Новосибирск 10.4 °C

Дом. Новосибирск далеких военных лет

25.04.2003 00:00:00

К 110-летию Новосибирска

Продолжение. Начало в номере за 19 апреля 2003 года

 Мы медленно шагали по заснеженному тротуару, и я рассказывал своему товарищу о каждом доме, о людях, живших в них в ту далекую пору. Вот на это высокое крыльцо каждый день шаркающей походкой выходил старик с белой окладистой бородой, похожий на Чарльза Дарвина. Даже в дни, когда все прятались от зноя, он был облачен в черное пальто и шляпу. Усевшись на раскладной стул, старик вооружался большущей лупой и читал газеты. Он не произносил ни слова. Мы почему-то побаивались его.

А вот к этому дому однажды пасмурным днем подвезли красивое, хотя и странное, сооружение на высоких колесах. Оно было обито бархатом и украшено искусственными цветами, и везли его две лошади в черных попонах до самой земли и отверстиями, окантованными тоже красным бархатом, для глаз, ноздрей и ушей. Эта упряжка источала грусть пополам с жутью. Так мы, пацаны, впервые узнали, как хоронят людей, увидели покойника, которого вынесли из дома, как поставили гроб на катафалк.

Я рассказывал и рассказывал моему другу то, что волновало сердце мое, и он с любопытством смотрел то на дома, то на меня. Но самый интересный рассказ я приберегал на конец нашей встречи. Конечно, больше всего мне хотелось показать ему свой дом. Мы уже подходили к нему.
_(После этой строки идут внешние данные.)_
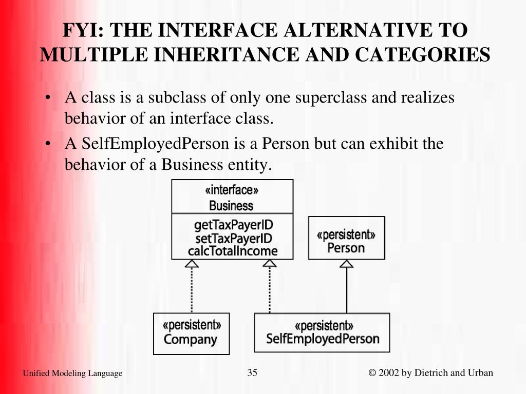 FYI: THE INTERFACE ALTERNATIVE TO MULTIPLE INHERITANCE AND CATEGORIES • A class is a subclass of only one superclass and realizes behavior of an interface class. • A SelfEmployedPerson is a Person but can exhibit the behavior of a Business entity.
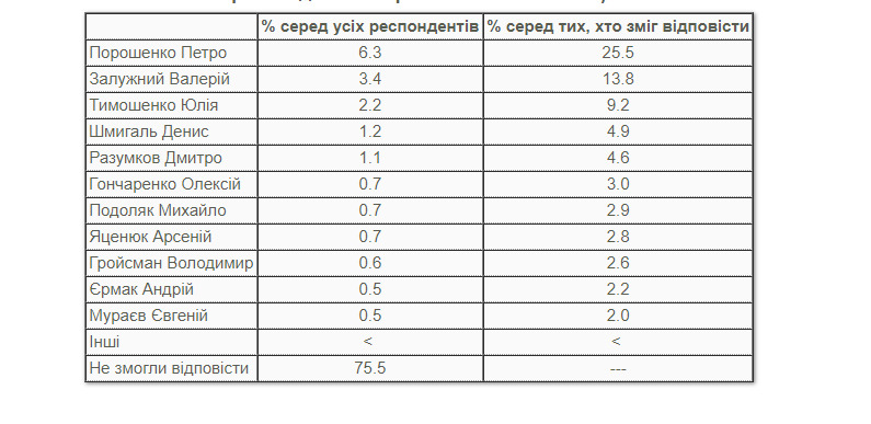 Респонденти, які змогли відповісти на запитання, назвали 71 різне прізвище. У таблиці нижче наведені основні відповіді. Відносно ж найчастіше називалися Порошенко, Залужний і Тимошенко.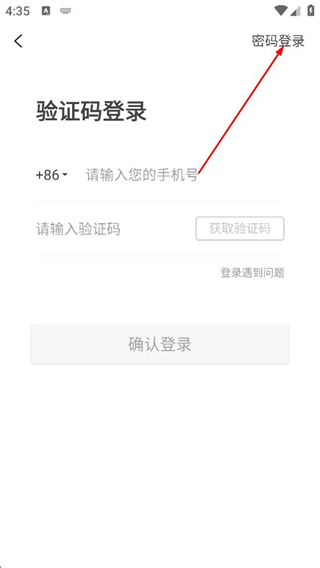 2、在验证码登录页面,点击右上角的密码登录选项,切换至密码登录界面。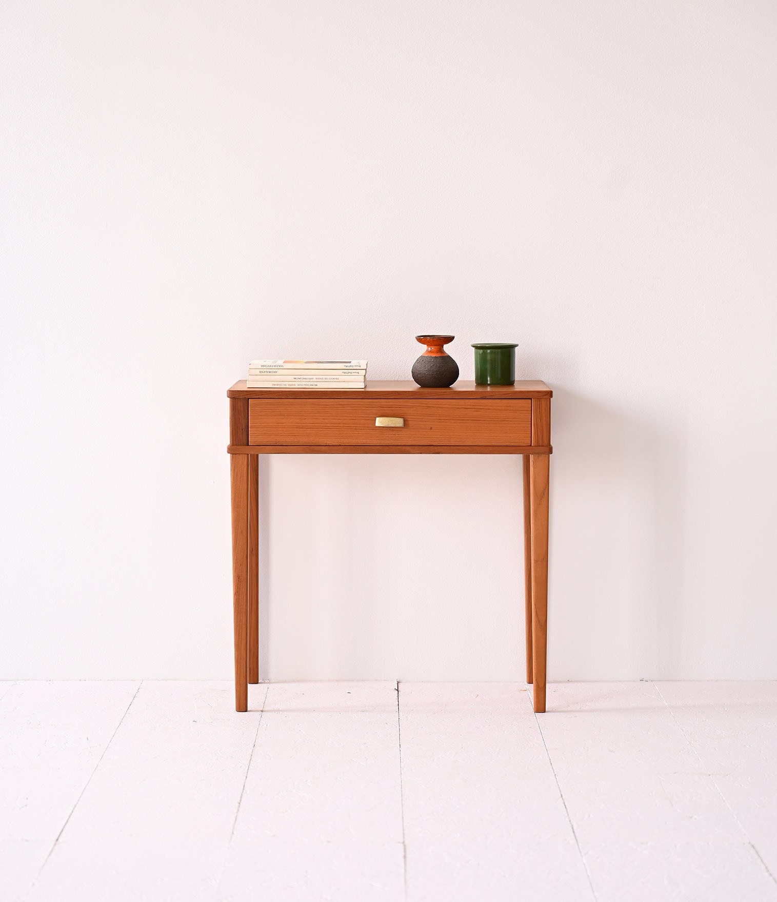 Vintage Teak Nightstand with Gold Metal Handle - Mid-Century Scandi...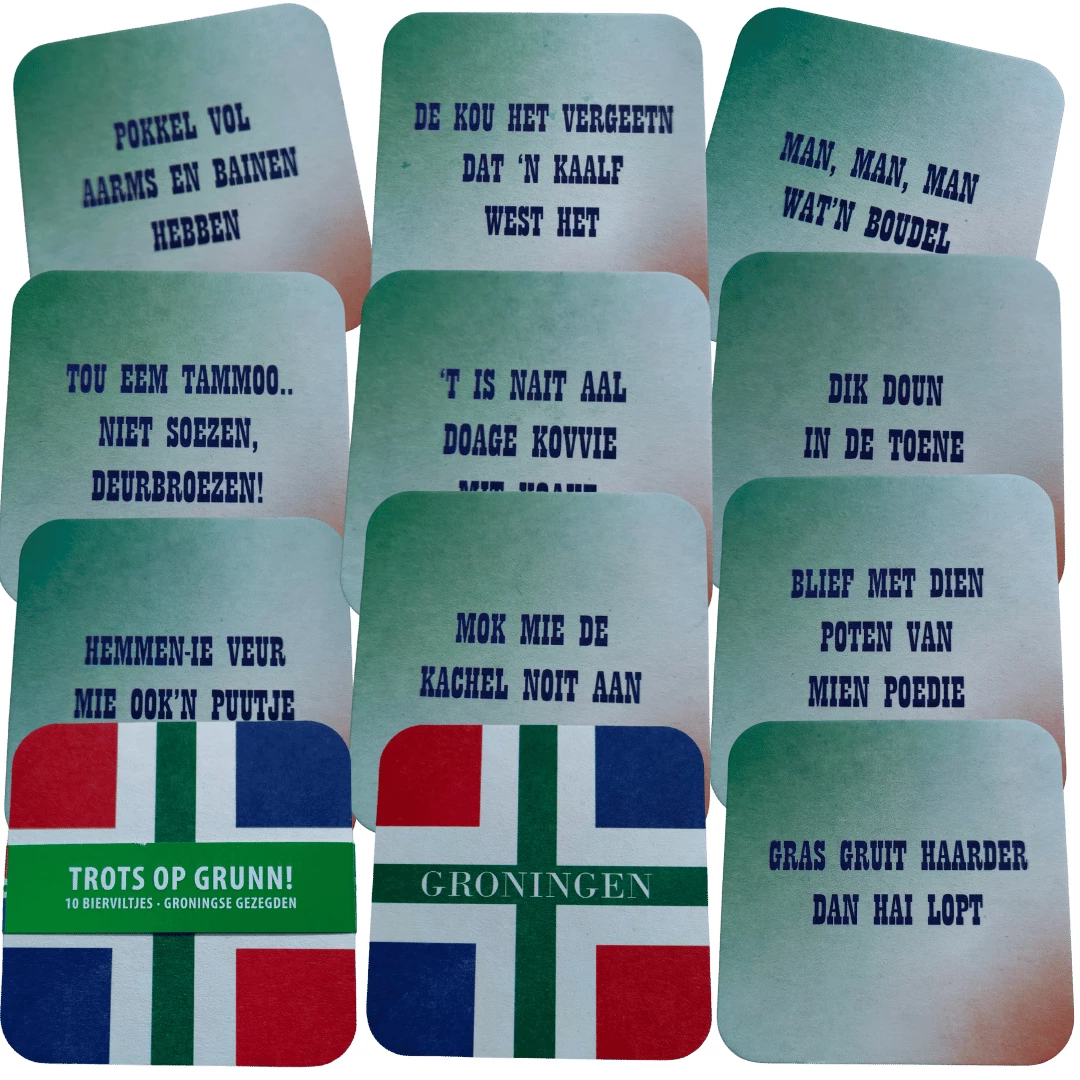 Groninger bierviltjes met Groninger spreuken Een pak met 10 Groninger bierviltjes met op de achterkant een Groninger tekst. Er zijn 10 verschillende Groninger spreuken.

И вдруг... вместо него я увидел штабель бревен, которые еще недавно были хранящей нас от холода и невзгод плотью. Его снесли, похоронили. На его месте развертывалась огромная строительная площадка. А рядом со штабелем тлела куча того, что уже не нужно было людям и что было приготовлено к «кремации». Я подошел к ней и увидел почерневшую морду существа, венчавшего водосток, придуманного художником и жестянщиком. Ах, как больно мне стало!

Проводив своего гостя, я снова вернулся к тому месту, где когда-то жил. И, пожалуй, впервые так остро почувствовал, что такое в человеческой судьбе Дом, согревший и взрастивший тебя.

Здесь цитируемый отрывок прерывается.